DATA BLOCK:
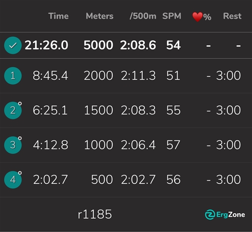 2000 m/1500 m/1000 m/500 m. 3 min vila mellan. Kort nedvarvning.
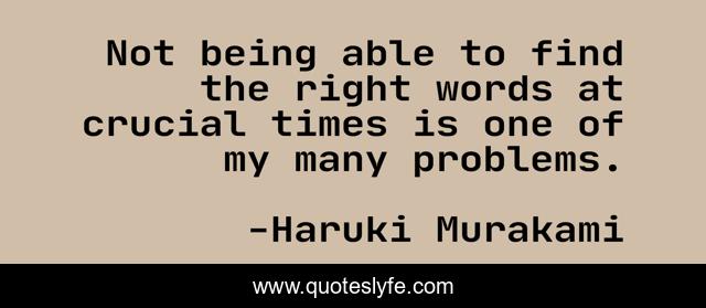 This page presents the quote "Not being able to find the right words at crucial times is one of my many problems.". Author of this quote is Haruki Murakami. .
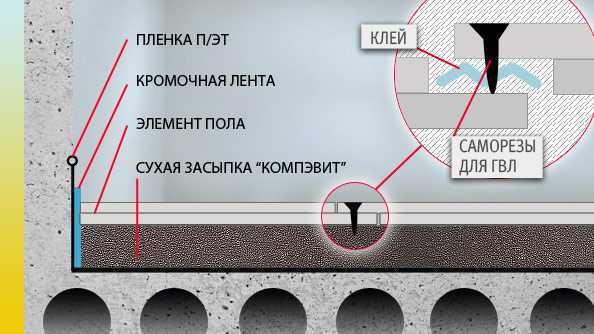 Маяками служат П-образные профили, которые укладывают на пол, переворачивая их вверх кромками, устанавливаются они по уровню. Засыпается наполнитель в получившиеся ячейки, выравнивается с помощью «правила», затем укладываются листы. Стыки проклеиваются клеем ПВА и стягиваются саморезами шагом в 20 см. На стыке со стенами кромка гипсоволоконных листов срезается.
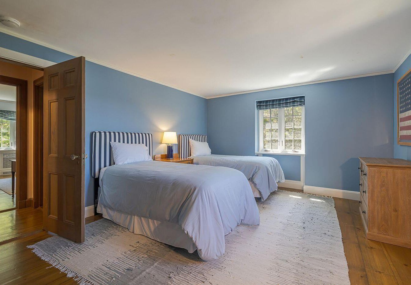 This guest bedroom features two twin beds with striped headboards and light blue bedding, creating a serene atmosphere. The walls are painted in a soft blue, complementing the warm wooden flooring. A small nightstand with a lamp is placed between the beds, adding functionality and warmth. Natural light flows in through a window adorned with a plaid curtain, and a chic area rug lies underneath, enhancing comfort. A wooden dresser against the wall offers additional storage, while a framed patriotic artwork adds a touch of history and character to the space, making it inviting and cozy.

WHAT YOU NEED TO DO: The expected output is the exact run of lines from the first line of the material above through the line that contains "This page presents", minus any pictures.

TASK OUTPUT:
 2000 m/1500 m/1000 m/500 m. 3 min vila mellan. Kort nedvarvning.
 This page presents the quote "Not being able to find the right words at crucial times is one of my many problems.". Author of this quote is Haruki Murakami. .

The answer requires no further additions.